The Lugubrious Game (1929): I will not attempt to decode Dalí's narcissistic endeavor of connect-the-dots. Instead, it may be interesting to note the life of the piece. Some of the Surrealists started a journal called Documents, which covered the topics of Doctrines, Archeology, Fine Art, and Ethnography. They delved into issues of “transgressive behavior, fetishism, magic, sacrificial rituals” and almost all vices.24 For these reasons Dalí's work seemed most fitting. Shortly after he painted The Lugubrious Game, they wanted to use it in their publication, precisely because it would invoke feelings of disgust. He refused and they resorted to making a sketch of the work for their Documents.25

Notes

  1. Radford, Dalí, 339.
  2. Radford, 21.
  3. Ibid., 338.
  4. Gaillemin, Dalí, 18.
  5. Gaillemin, 22.
  6. Biology Daily, “Biology-Surrealism.”
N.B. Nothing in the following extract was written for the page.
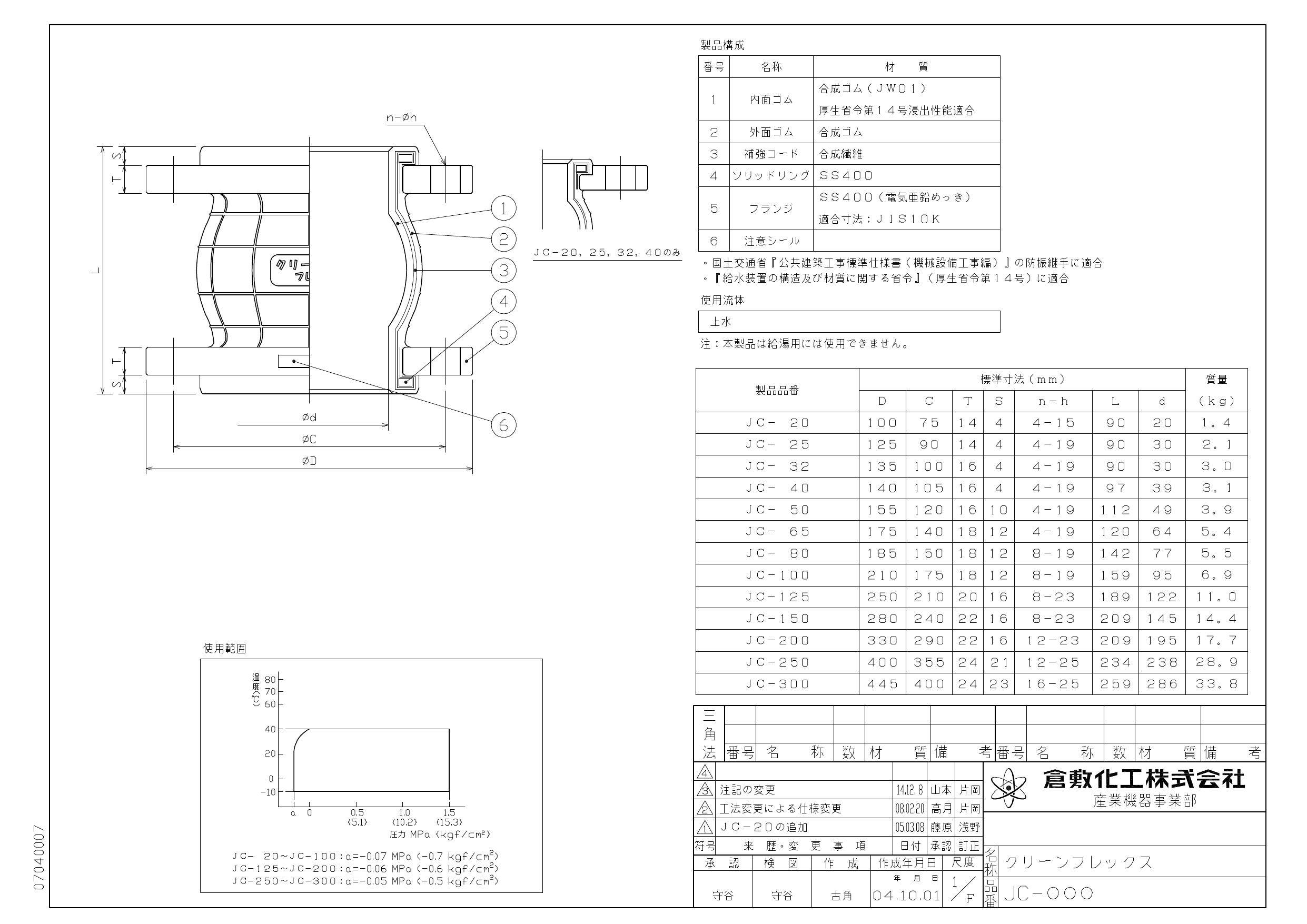倉敷化工 JC-10F 50A JC-10F 球型 10KF クリーンフレックス【給水用・SS400/10K-F】 50A 配管部材 クリーンフレックス 鉄フランジ10K型 00000173848【別送品】

  7. Goldwater as quoted in Lemke, “Picasso's Dusty Manikins,” 42.
  8. Gaillemin, 48.
  9. Clifford, “Histories of the Tribal and the Modern,” 212.
  10. Radford, 119.
  11. Ibid., 120.
  12. Ibid., 119.
  13. Ibid., 139, 141.
  14. Lacan, The Four Fundamental Concepts of Psychoanalysis, 113.
  15. Radford, 139.
  16. Lacan, 113.
  17. Radford, 142
  18. Ibid., 141.
  19. Dalí, “The Object as Revealed in Surrealist Experiment,” 88–89.
  20. Ibid., 90.
  21. Ibid., 96.
  22. Ibid., 91.
  23. Ibid., 98.
  24. Radford, 122.
  25. Ibid.

Bibliography

  • Biology Daily. “Biology-Surrealism.” http://www.biologydaily.com/
  • Clifford, James. “Histories of the Tribal and the Modern,” in The Predicament of Culture: Twentieth-Century Ethnography, Literature, and Art. Cambridge: Harvard University Press, 1988, 189–214.
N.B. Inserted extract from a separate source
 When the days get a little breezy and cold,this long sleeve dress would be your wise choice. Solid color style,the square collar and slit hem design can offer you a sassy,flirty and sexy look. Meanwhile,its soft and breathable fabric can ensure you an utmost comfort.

  • Dalí, Salvador. “Object as Revealed in Surrealist Experiment,” 1932.
  • Gaillemin, Jean-Louis. Dalí: Master of Fantasies, trans. David H. Wilson. London: Thames & Hudson Ltd, 2004.
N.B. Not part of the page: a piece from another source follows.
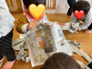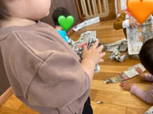 保育者が新聞紙を破くと、”楽しそう!"とキラキラした目を向ける子ども達(^^)

  • Lacan, Jacques. The Four Fundamental Concepts of Psychoanalysis, trans. Alan Sheridan. New York: Norton, 1978, 79–119.
  • Lemke, Sieglinde. “Picasso's Dusty Manikins,” in Primitivist Modernism: Black Culture and the Origins of Transatlantic Modernism. W.E.B. Du Bois Institute, 1998, 31–58.
  • Radford, Robert. Dalí. London: Phaidon Press Limited, 1997.